Department of Ophthalmology, Center for Translational Ocular Immunology, Tufts Medical Center, Tufts University School of Medicine, Boston, MA, United States.
Department of Ophthalmology, Harvard Medical School, Schepens Eye Research Institute/Massachusetts Eye and Ear Infirmary, Boston, MA, United States.
Front Immunol. 2020 Feb 21;11:39. doi: 10.3389/fimmu.2020.00039. eCollection 2020.

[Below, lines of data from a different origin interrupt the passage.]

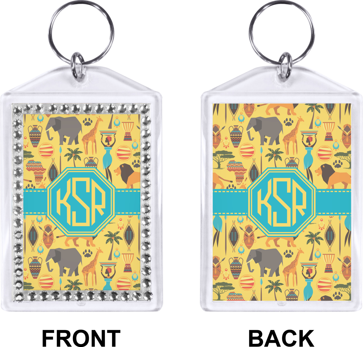 Our personalized keychains have a bold, rectangular shape, outlined by a series of shimmering rhinestones. A metal, split keyring is included with your purchase, and an additional metal hoop allows for attachment of the keychain to the split ring. This unique keychain measures at about 3.75 by 2.5 inches. We print your customized design(s) across both the back and front of this keychain.
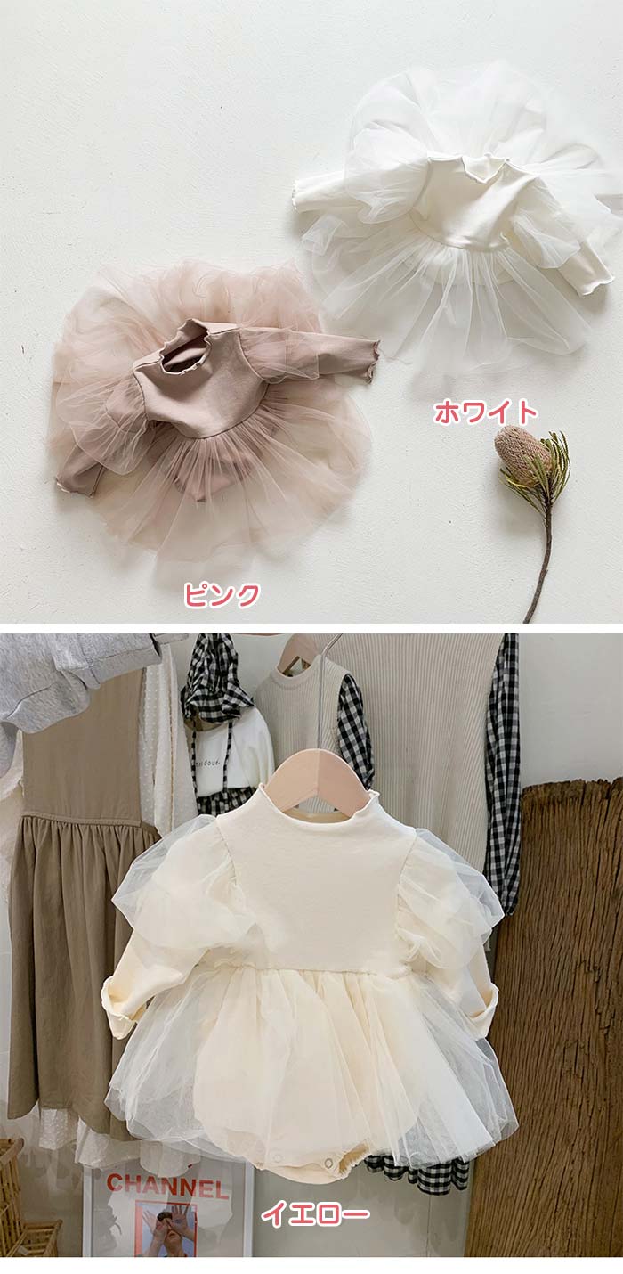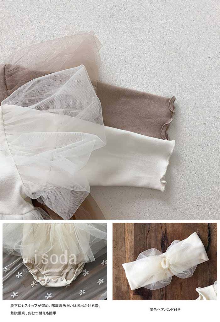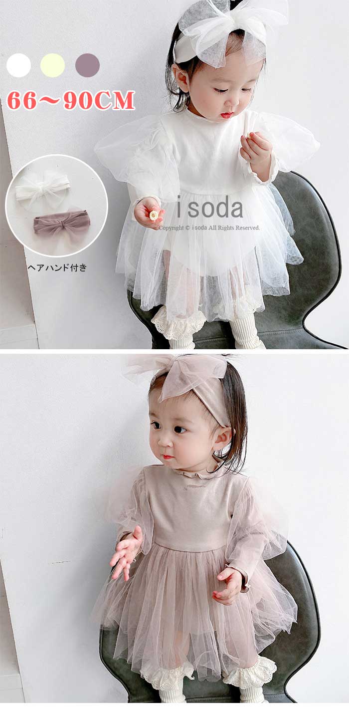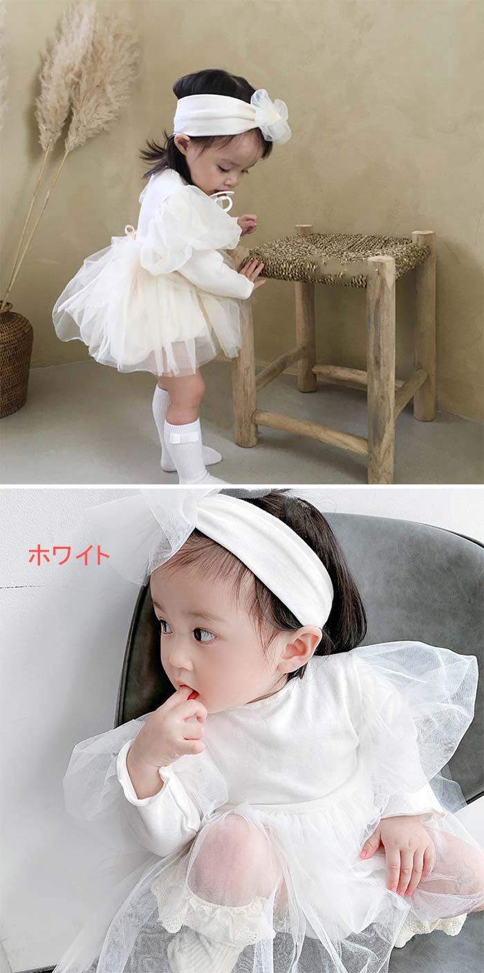 ベビー ワンピース ロンパース ベビードレス 女の子 半袖 長袖 チュール ヘアバンド付き ベビー服 秋 白 セレモニードレス 新生児 フォーマル
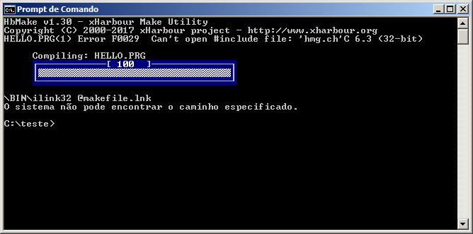 Estou tentando compilar o programa básico 'hello world' utilizando o hbmake e xharbour.

Multiphoton intravital microscopy (MP-IVM) is a powerful tool to image cells . Its application in immunology research has opened new horizons, allowing intravital imaging of leukocytes at the single-cell level. A transparent cornea is vital to retain vision. As an immune privileged site, a rapid innate response to foreign antigens is crucial in clearing opportunistic bacterial and viral pathogens, and minimizing collateral structural damage to the cornea. Furthermore, dissecting the mechanisms and preventing the immunological rejection process after corneal transplantation is imperative to retain sight. Therefore, understanding the underlying mechanisms behind corneal immunity, specifically the process of antigen presentation and adaptive immunity in the mandibular draining lymph nodes (dLNs) , is crucial. Attempts of intravital imaging of mandibular dLNs have yielded little success to date, due to breathing artifacts and the location that is difficult to access. Herein, we present the first MP-IVM mouse model of the mandibular dLNs, utilizing transgenic mice in which CD11c cells are fluorescently labeled. Furthermore, we demonstrate that CD11c-YFP cells are localized mainly in the parafollicular cortex (T cell zone) and subcapsular area and are sparsely distributed in the follicular region (B cell zone) of mandibular dLNs during steady state. A significant increase in host CD11c-YFP cell density is noted at 14 and 21 days following allogeneic corneal transplantation, compared to steady state ( < 0.05). Moreover, allogeneic corneal transplantation results in increased host-derived CD11c-YFP cell mean speed and displacement in mandibular dLNs, compared to steady state ( < 0.001). The meandering index, an index for directionality, is significantly increased after allogeneic corneal transplantation at both 14 and 21 days, compared to steady state ( < 0.001). Taken together, our study demonstrates the necessary methodology required for intravital multiphoton imaging of the mandibular dLNs, allowing visualization of spatiotemporal kinetics of immune cells , and provides a window into the corneal immune reflex arc. This technique will be a powerful tool to investigate the pathogenesis of ocular immune and inflammatory diseases.
多光子活体显微镜(MP-IVM)是一种强大的成像细胞的工具。它在免疫学研究中的应用开辟了新的视野,使得能够在单细胞水平上对白细胞进行活体成像。透明的角膜对于保持视力至关重要。作为一个免疫特惠部位,快速的先天反应对于清除机会性细菌和病毒病原体,以及最大限度地减少对角膜的结构损伤至关重要。此外,剖析角膜移植后免疫排斥过程的机制并加以预防对于保持视力至关重要。因此,了解角膜免疫的潜在机制,特别是下颌引流淋巴结(dLNs)中的抗原呈递和适应性免疫过程,至关重要。迄今为止,由于呼吸伪影和难以接近的位置,尝试对下颌 dLNs 进行活体成像的效果甚微。在此,我们介绍了第一个利用荧光标记 CD11c 细胞的转基因小鼠模型进行下颌 dLNs 的多光子活体显微镜成像。此外,我们证明,在稳态下,CD11c-YFP 细胞主要位于副皮质区(T 细胞区)和被膜下区,稀疏分布于下颌 dLNs 的滤泡区(B 细胞区)。与稳态相比,同种异体角膜移植后 14 天和 21 天,宿主 CD11c-YFP 细胞密度显著增加(<0.05)。此外,与稳态相比,同种异体角膜移植导致下颌 dLNs 中宿主来源的 CD11c-YFP 细胞平均速度和位移增加(<0.001)。与稳态相比,在同种异体角膜移植后 14 天和 21 天,方向性指标——曲折指数显著增加(<0.001)。总之,我们的研究证明了进行下颌 dLNs 活体多光子成像所需的必要方法学,使得能够可视化免疫细胞的时空动力学,并为角膜免疫反射弧提供了一个窗口。这项技术将成为研究眼部免疫和炎症性疾病发病机制的有力工具。